Veronica longifolia, a most beautiful dark blue flower, which grows in long spikes. Veronica remains in bloom during the month of August, and is one of the most showy flowers in the garden at that time.

Iris, Japanese and German, do well when naturalized in the grass. These plants increase so, that every four years they can be separated. Beginning with the German Iris, flowering the end of May, they can be had in bloom until the Japanese Iris finishes blossoming the middle of July. No Orchids are more beautiful than the Japanese Iris. A couple of weeks before and during the period of bloom they must be kept very moist.

Both the German and the Japanese Iris are perfectly hardy and increase rapidly. The English Iris, of which the white variety, known as Mont Blanc, is the most beautiful, and the Spanish Iris, in all its varieties, are not hardy. But with careful winter covering, about equal to that given to the everblooming Roses, they will generally survive, and are well worth the trouble. The roots of all varieties of Iris are very long, and care must be taken to give them plenty of room and to plant deep.

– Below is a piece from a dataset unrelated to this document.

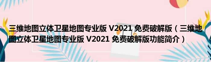 三维地图立体卫星地图专业版 V2021 免费破解版(三维地图立体卫星地图专业版 V2021 免费破解版功能简介)

Peonies. For beauty and usefulness Peonies rank with Phloxes. Large plants will frequently bear twenty great blossoms. By raising both early and late varieties, their period of bloom can be continued for a month. The old, dark crimson variety is the first to bloom; the old-fashioned double pink and double white are beautiful enough to satisfy any one, but the new varieties give immense choice as to colour and form.

The Japanese Tree Peonies do not die to the ground every year, like the herbaceous kinds, but form woody branches and grow like a small shrub. The blossoms of these Tree Peonies are truly wonderful; the only care needed is a little fertilizer in the autumn and a slight winter covering. They are best grown in front of the shrubbery. They blossom before the herbaceous varieties. The herbaceous Peonies can be grown in large beds by themselves, in borders with other plants, or as single specimens in the grass or among the shrubs.

Peonies start so early in the spring that they should be manured in the fall, or there is danger of breaking the tender shoots.

Bed of Peonies on edge of lawn
June sixth

Phlox. There is no flower in the garden more beautiful, more easily cultivated, or giving so much bloom as the Phlox. I could certainly never have a garden without it. In mine there must be a couple of thousand. I have a great mass, of probably two hundred herbaceous Phloxes, growing together in one corner of my garden, the very tall varieties over four feet high. About the fifteenth of July, every year, this corner is a superb sight. Most of these plants are over fifteen years old. They have been kept fine by heaviest top-dressing every year, and by lifting all the plants every three years and digging in quantities of manure, and also by separating each plant into three, by cutting the roots with a spade, or pulling apart with the fingers.